Leader of Sinn Féin in the Seanad
- In office 8 June 2016 – 9 February 2020
- Leader: Gerry Adams; Mary Lou McDonald;
- Preceded by: David Cullinane
- Succeeded by: Niall Ó Donnghaile

Senator
- In office 8 June 2016 – 8 February 2020
- Constituency: Agricultural Panel

Personal details
- Born: Rose Conway 1969/1970 (age 56–57) Ballycroy, County Mayo, Ireland
- Party: Sinn Féin
- Spouse: Noel Walsh ​(m. 2000)​
- Children: 2
- Education: NUI Galway
- Website: roseconwaywalsh.ie

= Rose Conway-Walsh =

Irish politician (born 1964/1965)

Rose Conway-Walsh (born 1969/1970) is an Irish Sinn Féin politician who has been a Teachta Dála (TD) for the Mayo constituency since the 2020 general election. She previously served as a Leader of Sinn Féin in the Seanad and a Senator for the Agricultural Panel from 2016 to 2020.

==Early life==
Conway-Walsh grew up in Ballycroy, County Mayo and is one of nine children. She attended primary school in Ballycroy before attending Our Lady's Secondary School in Belmullet. She moved to London when she was 19. On returning to Ireland, she obtained a bachelor's degree in public management and a master's degree in local government from NUI Galway. Prior to entering politics, she worked in community development.

==Political career==
Conway-Walsh has been a member of Sinn Féin's Ard Comhairle since 1990. She founded the Sinn Féin Mayo Women's Movement in response to the lack of women in politics.

At the 2009 Mayo County Council election, she was elected for the local electoral area of Belmullet, becoming the first female councillor ever elected in Belmullet. She was re-elected in 2014, topping the poll and being elected on the first count.

She was an unsuccessful candidate for the Mayo constituency at the 2011 and 2016 general elections, She was elected to the Seanad in 2016, topping the poll in the Agricultural Panel and was elected on the first count.
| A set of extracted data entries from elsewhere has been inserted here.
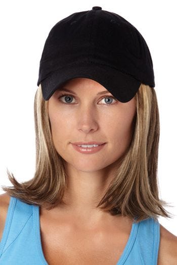 Designed for comfort, beautifully blended hair is permanently attached to a 100% cotton baseball cap creating a ready-to-wear hair fashion alternative with no styling needed.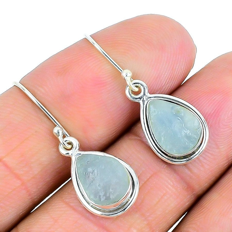 Aquamarine drusy Stone Sterling Silver Mother Stud Post Birthday Unique Earrings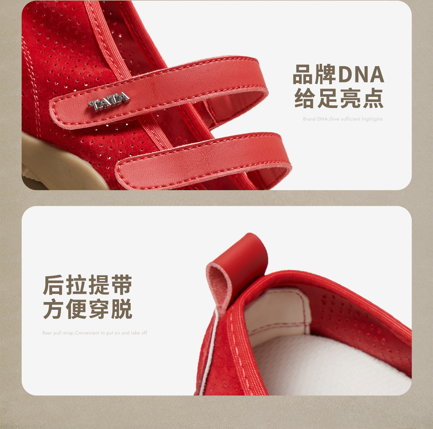 他她(Tata),品牌成立于2003年,致力为都市年轻人群提供时尚潮流、具有性价比的鞋履产品。十五年来“踏踏”的着地声,寓意都市白领元气满满的生活,如时尚“伴履”的TATA一直陪伴左右、伴随走出TATA的时尚步伐。2017年TATA美丽蜕变,TATA STAR元素的加入预示品牌将成为闪亮、前端的时尚鞋履品牌。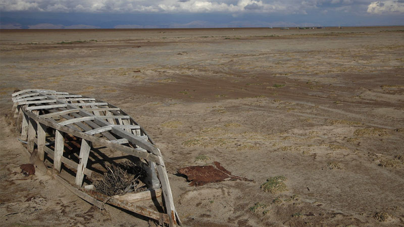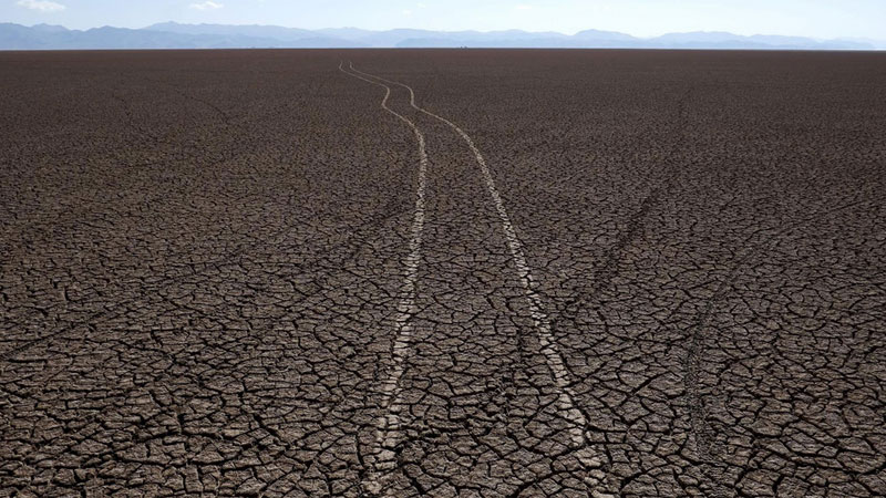 Los botes de los pescadores quedaron inutilizados. La sequía destruyó su fuente de trabajo. Las marcas de los neumáticos se ven sobre la superficie del lago.

At the 2020 Irish general election, she was elected to the 33rd Dáil, the first Sinn Féin TD to be elected in Mayo since John Madden in June 1927. She was the party's spokesperson on Higher Education, Innovation, and Science. In July 2021 she attracted criticism for comparing segregated reopening after the COVID-19 pandemic to the segregation of the American South and the struggle of Rosa Parks, for which she later apologised.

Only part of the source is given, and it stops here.